Cela ne veut pas dire que la justice réparatrice veuille priver l'État de sa capacité d'édicter la norme; mais en écartant le plus possible l'État (voire en l'excluant complètement) de l'application de cette norme, on tend à enlever à celle-ci son caractère " transcendant ", à l'étioler dans toutes sortes d'accomodements n'ayant pas reçu l'imperium de l'État, par le fait même amputé d'une partie de sa puissance.

Une affaire de symbole

Derrière l'idée de justice réparatrice, on retrouve au fond celles de transparence et d'authenticité, qui imprègnent si fortement l'air du temps présent. Comme s'il suffisait de " se mettre à table ", de parler franchement de ses remords (voire, de ses souffrances) pour que le préjudice subi puisse être sinon réparé, du moins atténué, et éventuellement pardonné.

Il y a là une conception psychologisante de la réalité sociale qui fait l'impasse sur la dimension symbolique - irréductible aux bonnes intentions - qui la fonde.

La justice pénale est d'abord une affaire symbolique. Elle est l'affirmation de l'Interdit sur lequel s'érige le monde. Nous sommes donc ici dans l'ordre du non négociable : aucune technique de gestion - même guidée par un souci d'efficacité ou de compassion - ne saurait réduire la distance entre le monde et la représentation qu'on s'en fait sans briser le miroir dans lequel la société se réfléchit et se donne à elle-même les normes de son action.

Le monde humain est une réalité instituée, fondée sur des images qui en tracent les limites. L'État est au coeur de cette fiction, dont il assure la pérennité afin de maintenir l'ordre social. Quand un crime est commis, quand l'Interdit est transgressé, cette fiction se trouve remise en question; ce n'est pas une multitude de petits fiefs engagés dans des mécanismes de médiation qui peuvent alors rétablir une image commune du monde, prenant pour chacun une valeur d'injonction à respecter.

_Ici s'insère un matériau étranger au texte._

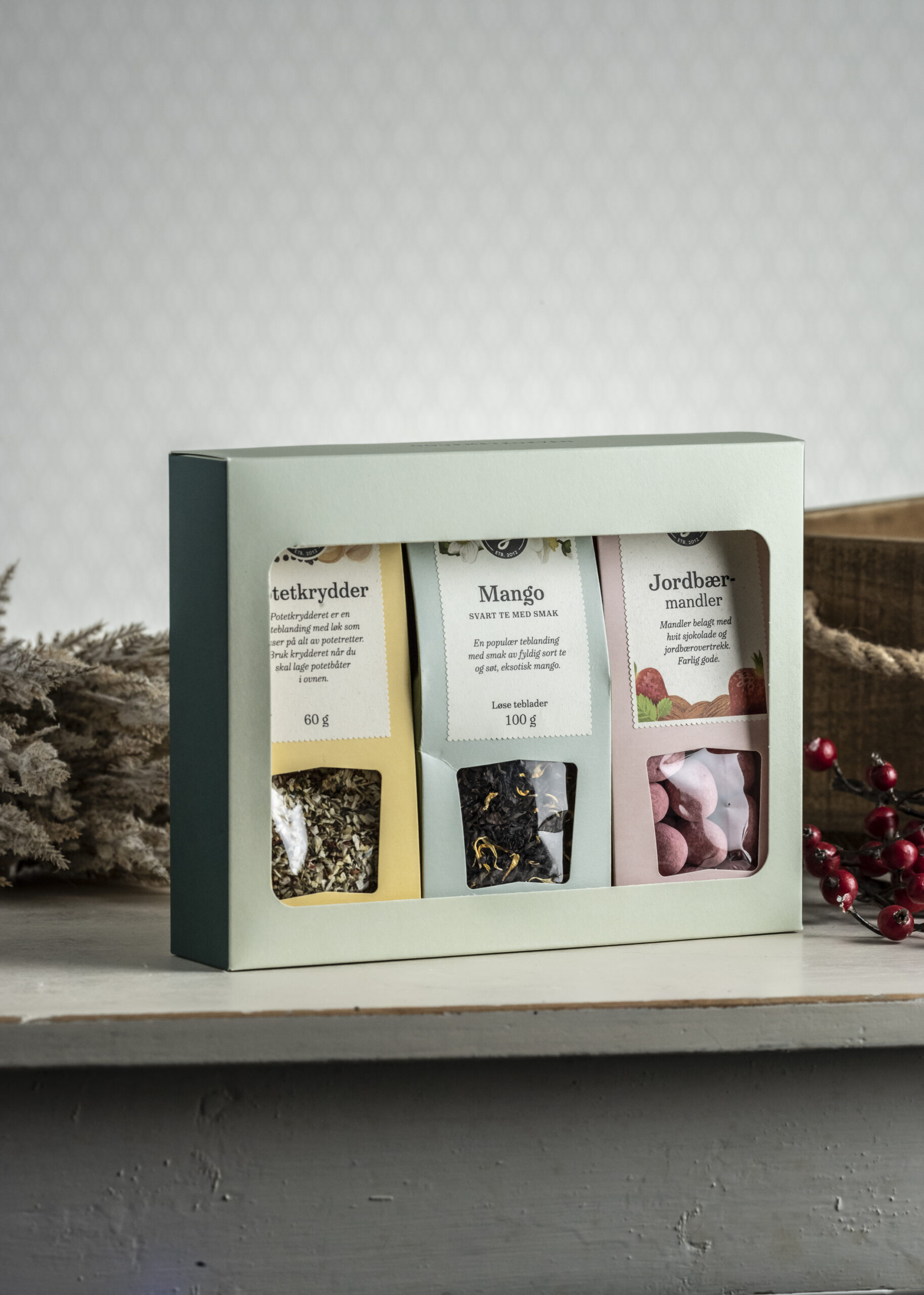 Potetkrydder (60 g) – den perfekte krydderblandingen til ovnsbakte poteter og potetretter. Med løk og nøye balanserte urter som gir ekstra smak og sprøhet. - Mangote (100 g) – en populær teblanding av fyldig sort te med frisk og søt smak av mango. Perfekt både til frokost og kosestund.

Le support aux victimes est une chose (tout comme la réhabilitation des criminels); l'affirmation étatique de l'Interdit (continuellement réitérée dans la " gestion " de la criminalité) en est une autre. À trop vouloir les mélanger, on risque de faire de la société une victime dont les préjudices subis seraient alors irréparables.

Référence : de Villette, Thérèse et Pichette, Jean, "Peut-on réparer la justice?", Relations, novembre 2000 (664), p. 28-29.